* **DATA SUPPLIED**
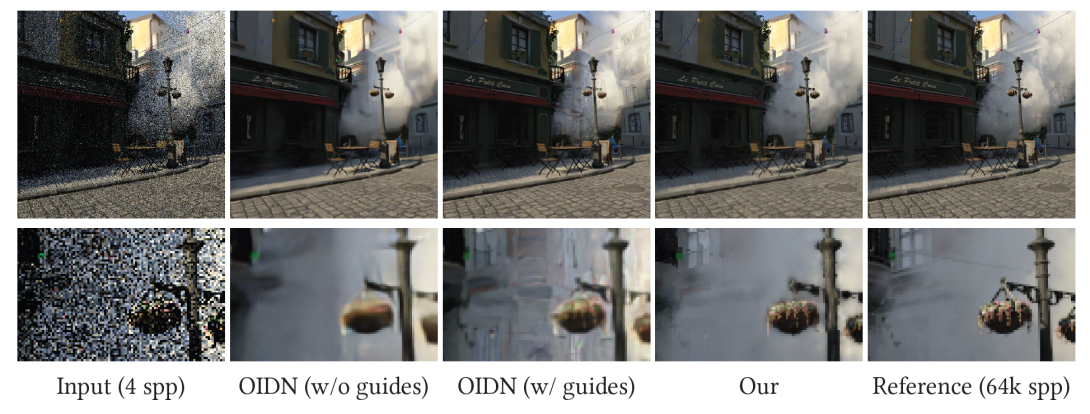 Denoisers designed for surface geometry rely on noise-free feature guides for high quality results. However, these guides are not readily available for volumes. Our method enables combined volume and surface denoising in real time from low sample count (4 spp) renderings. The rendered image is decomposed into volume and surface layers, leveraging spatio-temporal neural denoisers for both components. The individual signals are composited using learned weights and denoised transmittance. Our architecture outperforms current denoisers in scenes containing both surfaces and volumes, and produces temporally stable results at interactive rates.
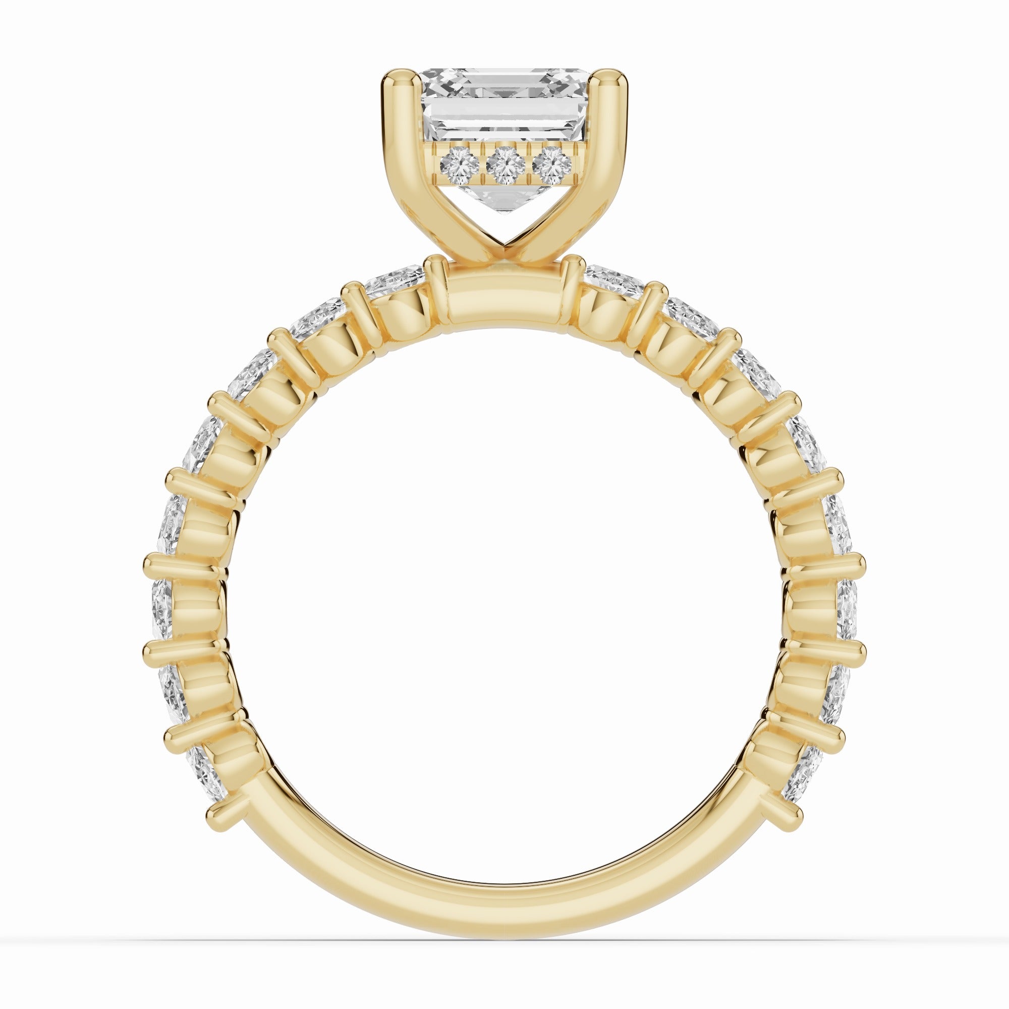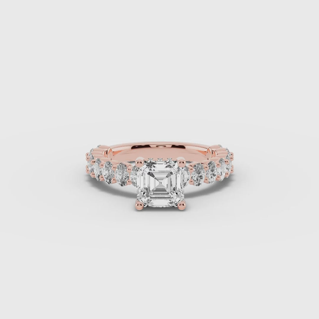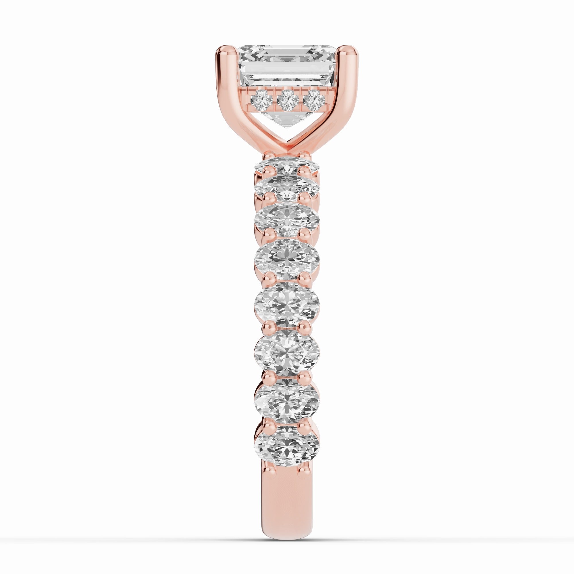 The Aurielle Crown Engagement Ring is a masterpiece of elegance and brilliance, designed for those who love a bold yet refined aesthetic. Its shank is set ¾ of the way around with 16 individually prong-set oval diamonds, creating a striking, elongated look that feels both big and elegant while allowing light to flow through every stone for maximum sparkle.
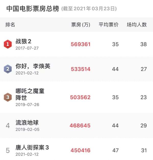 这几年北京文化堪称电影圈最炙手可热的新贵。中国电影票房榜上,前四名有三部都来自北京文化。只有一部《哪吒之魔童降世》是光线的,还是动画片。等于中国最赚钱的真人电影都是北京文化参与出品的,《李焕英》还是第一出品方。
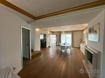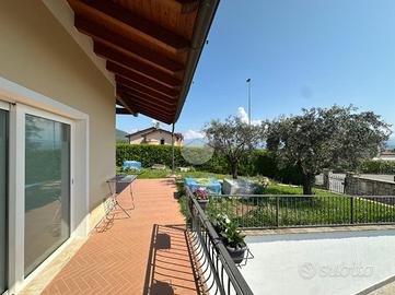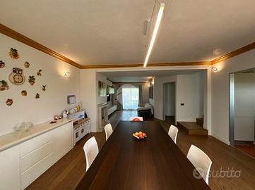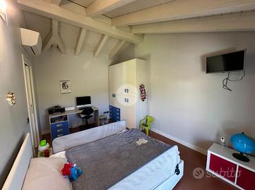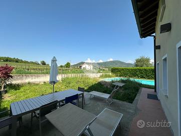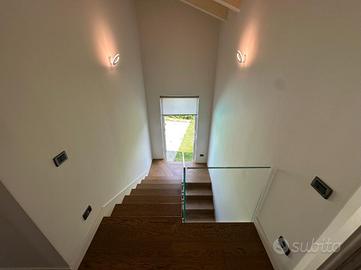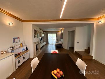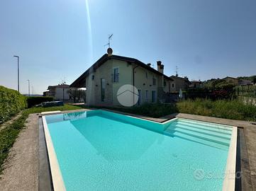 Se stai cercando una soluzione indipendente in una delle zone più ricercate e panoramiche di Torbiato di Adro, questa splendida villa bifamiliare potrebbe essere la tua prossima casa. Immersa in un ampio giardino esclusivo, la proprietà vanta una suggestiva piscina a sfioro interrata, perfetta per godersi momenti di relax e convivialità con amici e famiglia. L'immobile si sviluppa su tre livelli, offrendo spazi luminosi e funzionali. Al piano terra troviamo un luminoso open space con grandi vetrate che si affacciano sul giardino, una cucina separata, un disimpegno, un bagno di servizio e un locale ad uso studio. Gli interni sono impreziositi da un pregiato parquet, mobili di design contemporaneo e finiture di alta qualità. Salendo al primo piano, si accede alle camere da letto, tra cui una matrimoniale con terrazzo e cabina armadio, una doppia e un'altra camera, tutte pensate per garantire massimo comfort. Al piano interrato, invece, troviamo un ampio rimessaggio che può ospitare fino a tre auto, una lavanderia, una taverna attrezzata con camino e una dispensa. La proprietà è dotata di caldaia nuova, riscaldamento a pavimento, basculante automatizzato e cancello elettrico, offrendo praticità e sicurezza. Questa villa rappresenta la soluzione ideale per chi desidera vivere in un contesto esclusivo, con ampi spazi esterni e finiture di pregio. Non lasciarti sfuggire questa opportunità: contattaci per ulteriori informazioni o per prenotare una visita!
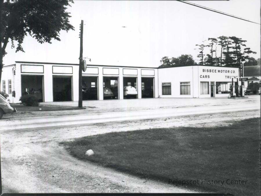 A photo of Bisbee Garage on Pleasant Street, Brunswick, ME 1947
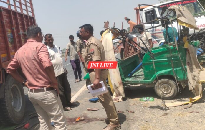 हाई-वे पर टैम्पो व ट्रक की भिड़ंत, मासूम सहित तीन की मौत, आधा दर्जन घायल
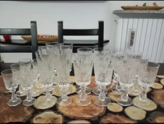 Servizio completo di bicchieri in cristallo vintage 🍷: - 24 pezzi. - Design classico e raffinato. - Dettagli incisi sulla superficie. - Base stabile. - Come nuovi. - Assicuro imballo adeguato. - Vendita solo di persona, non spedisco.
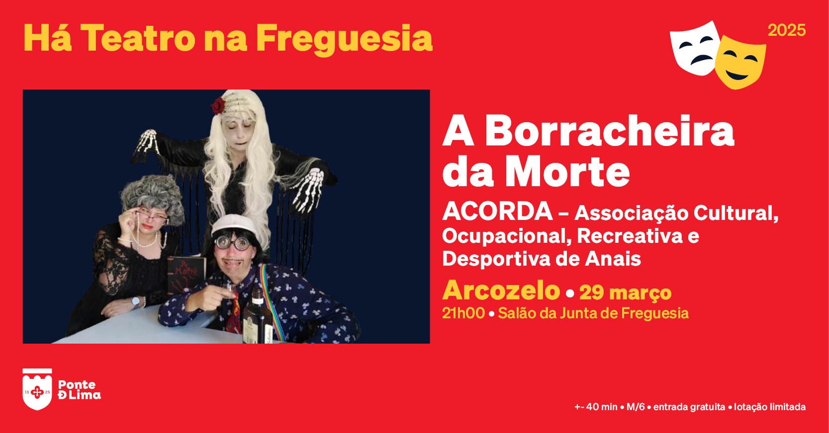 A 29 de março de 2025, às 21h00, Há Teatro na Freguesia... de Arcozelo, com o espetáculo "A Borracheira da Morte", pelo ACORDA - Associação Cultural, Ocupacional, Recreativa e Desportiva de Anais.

--

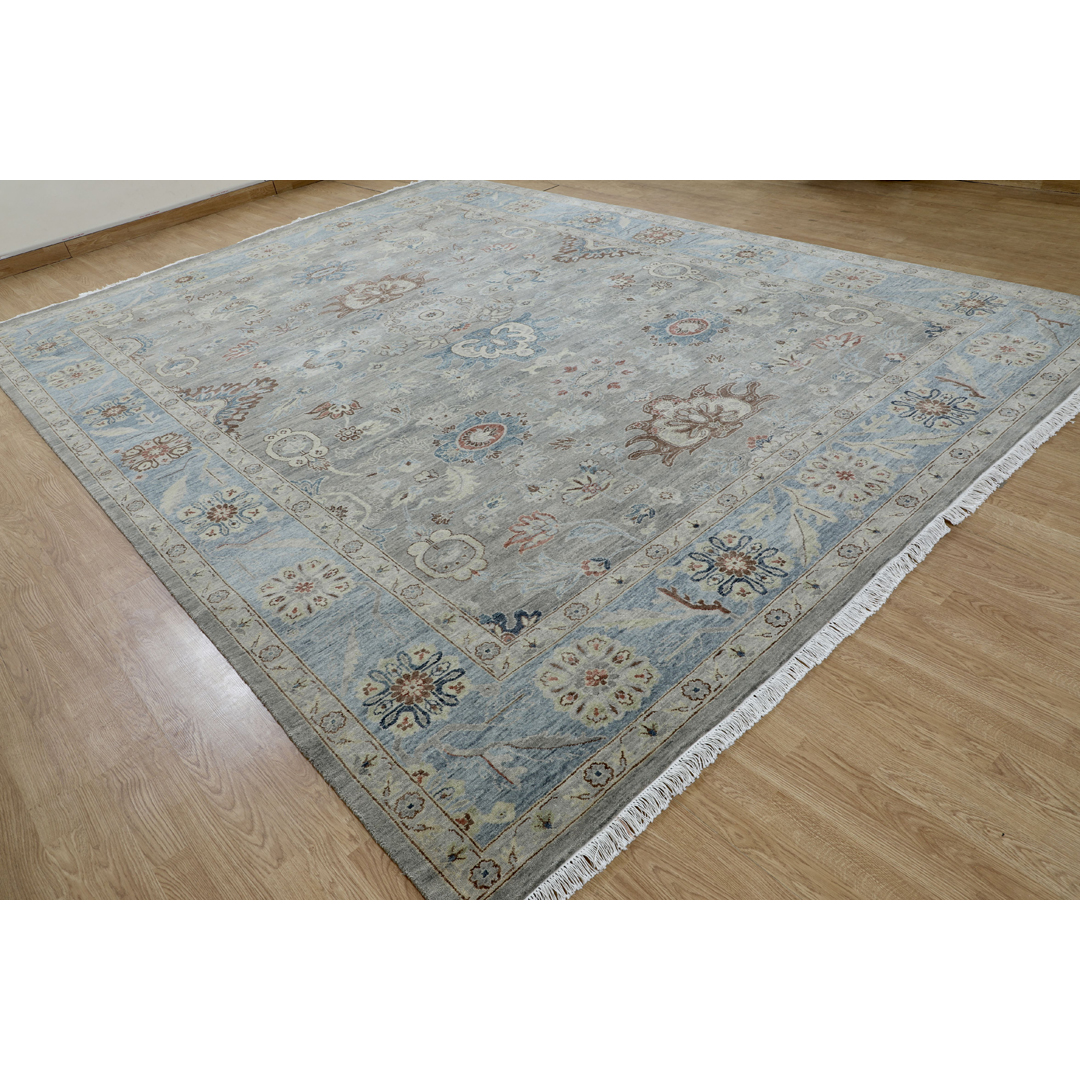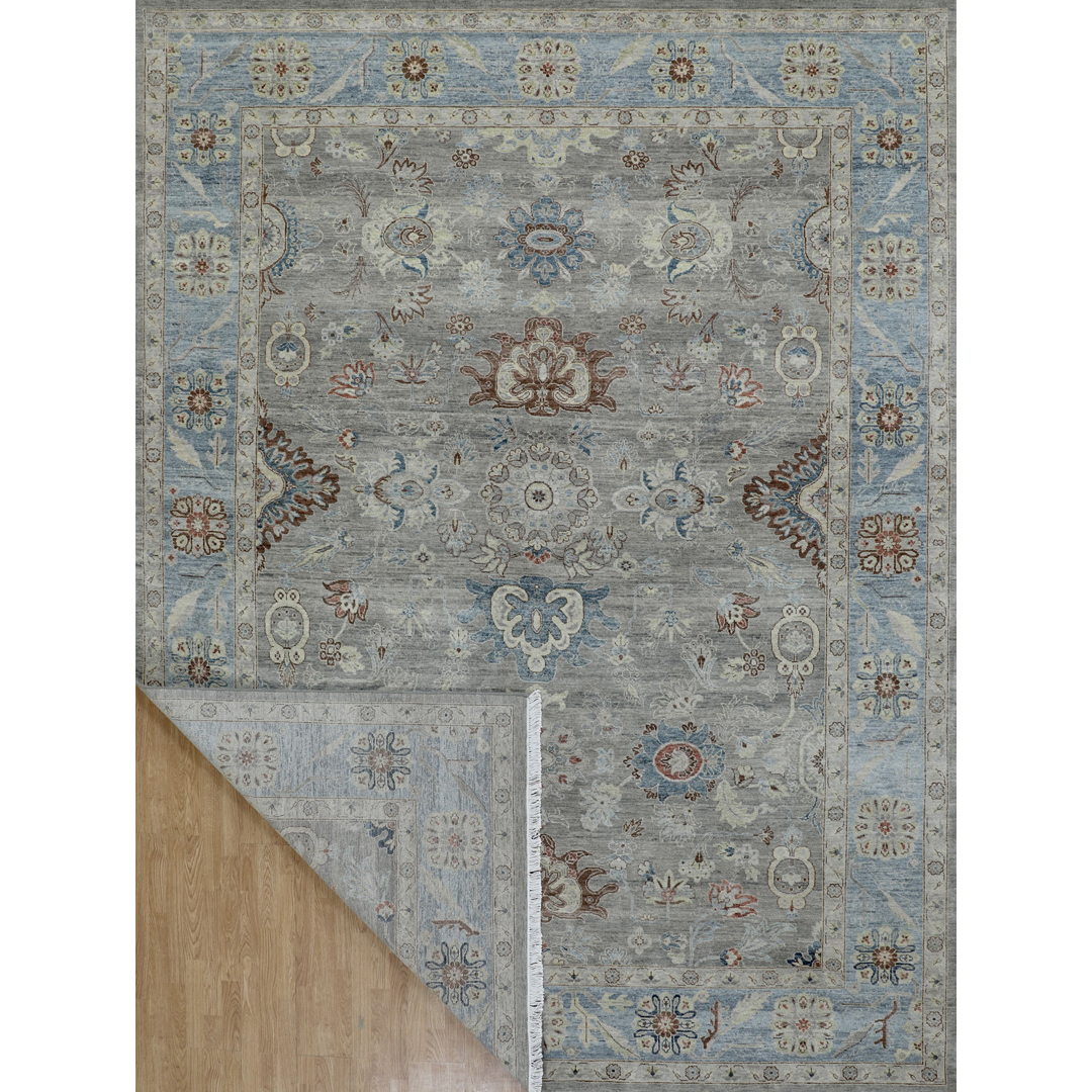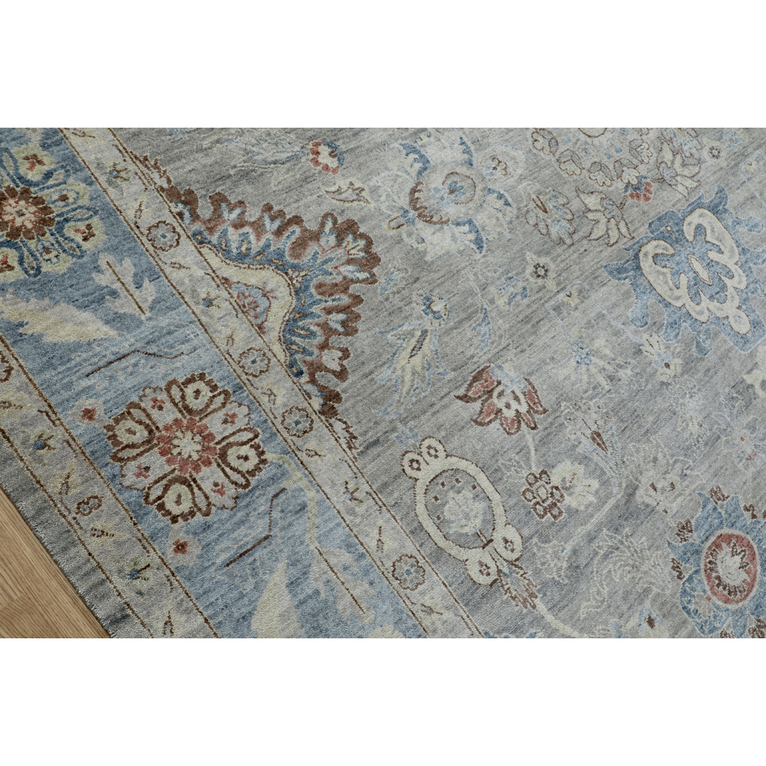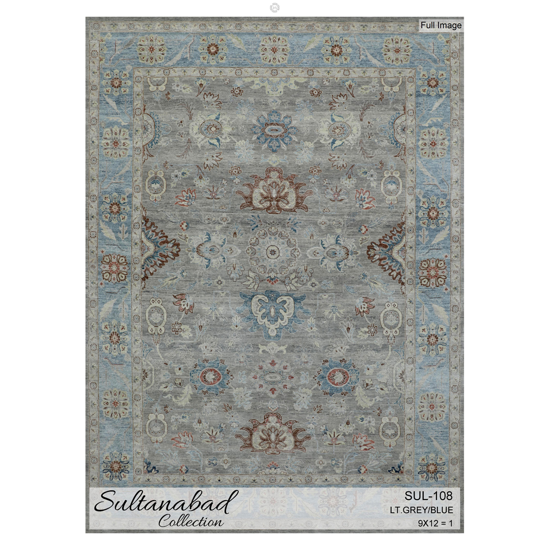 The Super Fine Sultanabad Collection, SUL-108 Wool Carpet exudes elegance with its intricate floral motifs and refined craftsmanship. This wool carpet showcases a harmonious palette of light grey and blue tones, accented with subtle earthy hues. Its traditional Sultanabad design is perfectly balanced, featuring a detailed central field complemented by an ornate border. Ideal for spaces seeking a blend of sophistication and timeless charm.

* * *

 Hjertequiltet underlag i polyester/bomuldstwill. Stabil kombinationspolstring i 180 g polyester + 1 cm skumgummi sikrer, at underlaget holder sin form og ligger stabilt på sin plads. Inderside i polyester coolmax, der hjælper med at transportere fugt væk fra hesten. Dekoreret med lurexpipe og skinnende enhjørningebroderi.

* **WHAT YOU NEED TO DO**
An exact copy of the lines above from the one with "Denoisers designed for" up to and including the one with "这几年北京文化堪称电影圈最炙" is required; reproduce only those lines, omitting all pictures.

* **WRITTEN REPLY**
 Denoisers designed for surface geometry rely on noise-free feature guides for high quality results. However, these guides are not readily available for volumes. Our method enables combined volume and surface denoising in real time from low sample count (4 spp) renderings. The rendered image is decomposed into volume and surface layers, leveraging spatio-temporal neural denoisers for both components. The individual signals are composited using learned weights and denoised transmittance. Our architecture outperforms current denoisers in scenes containing both surfaces and volumes, and produces temporally stable results at interactive rates.
 The Aurielle Crown Engagement Ring is a masterpiece of elegance and brilliance, designed for those who love a bold yet refined aesthetic. Its shank is set ¾ of the way around with 16 individually prong-set oval diamonds, creating a striking, elongated look that feels both big and elegant while allowing light to flow through every stone for maximum sparkle.
 这几年北京文化堪称电影圈最炙手可热的新贵。中国电影票房榜上,前四名有三部都来自北京文化。只有一部《哪吒之魔童降世》是光线的,还是动画片。等于中国最赚钱的真人电影都是北京文化参与出品的,《李焕英》还是第一出品方。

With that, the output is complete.